Search the Site

Episode Transcript

Katie Ryan’s home office in Pittsburgh, Pennsylvania, is pretty run of the mill.

RYAN: I just have a regular Ikea desk. I have a big TV up on the wall. I have a laptop stand with my laptop on it, and then I have a monitor stand that has two monitors on it. There’s a blanket on the floor for my dog, you know.

But the work she does at this desk is seen by millions of people every week.

RYAN: I’ve done the Super Bowl a handful of times, I’ve done the Olympics many times. I just did the Oscars a couple weeks ago. Any sporting event that you can think of, I’ve probably done it. Any major news event that has happened, I have probably been involved in that somehow. Presidential funerals. Presidential debates. I remember when the Boston Marathon bombing happened, the breaking news was just constant. I think I was on the air writing without a commercial break for something like three and a half hours.

Ryan is a captioner. She writes the text transcripts that appear on your TV screen when you turn on closed captioning. She does this in real-time.

RYAN: Most people think their TV just does it. They don’t realize, that there’s a person like me sitting in a room with headphones on. And people don’t realize that it’s happening live. Like, if I’m writing a news broadcast or a sporting event, maybe I have, like five seconds extra than you do when you’re hearing it. And I have to write it at the same time, and try and keep up with all the speedy talkers that are out there. 

In some ways, it’s a good business to be in. One survey found that 50 percent of Americans — and 70 percent of Gen Z viewers — say they watch content with captions on most of the time. But the industry is also rapidly changing. The nimble fingers of human captioners like Katie Ryan are up against the neural networks of artificial intelligence services.

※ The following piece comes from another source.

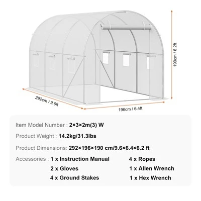 Spacious Walk-In Design: With a roomy 9.58×6.43×6.23 ft space, this walk-in greenhouse tunnel accommodates a variety of plants. Easily access and maintain your plants, or set up multiple plant shelves to meet both home gardening and commercial planting needs.

KARLOVITS: Technology is the key to the future of captioning. But you know, you need people that are looking at the content.

For the Freakonomics Radio Network, this is The Economics of Everyday Things. I’m Zachary Crockett. Today: Closed Captions.

 *      *      *

The term “captions” is often used interchangeably with “subtitles,” but the two are different. Subtitles are used for translation. Captions are designed for people with hearing impairments, and they describe every auditory element — dialogue, sound effects, music, and, sometimes, even background noises.

KARLOVITS: The goal of captioning is to give the user the content of exactly what’s being heard.

That’s Doug Karlovits. He’s a general manager at Verbit, the largest provider of captions in America. He says that, if you’re watching something on TV — either live, or pre-recorded — you can almost always turn on the captions in the device’s settings. But that wasn’t always an option.

KARLOVITS: Really, captions were born for television in 1970. The first prerecorded show ever captioned was “The French Chef” with Julia Child.

The earliest efforts were called open captions, and they were limited to pre-recorded shows. The text was a permanent part of the video. Eventually, a new method called closed captions made it possible for viewers to turn the text on and off. And by the 1980s, thanks to the efforts of the non-profit National Captioning Institute, captions could also be used for live television. Around this time, Karlovits’s father, Joe, saw an opportunity to expand the captioning industry.

KARLOVITS: My father was a court reporter, a stenographer. And he became very interested in computers, and how to take his stenotype and get it translated through a computer into English.

Stenographers are extremely fast typists. On stenotype machines, they can transcribe up to 300 words per minute. Joe began training fellow stenographers to do TV captioning. And in 1986, he founded a company called VITAC, which was later acquired by another company called Verbit.

KARLOVITS: We started out with a local television station in Pittsburgh and eventually grew into the largest provider in North America of captioning.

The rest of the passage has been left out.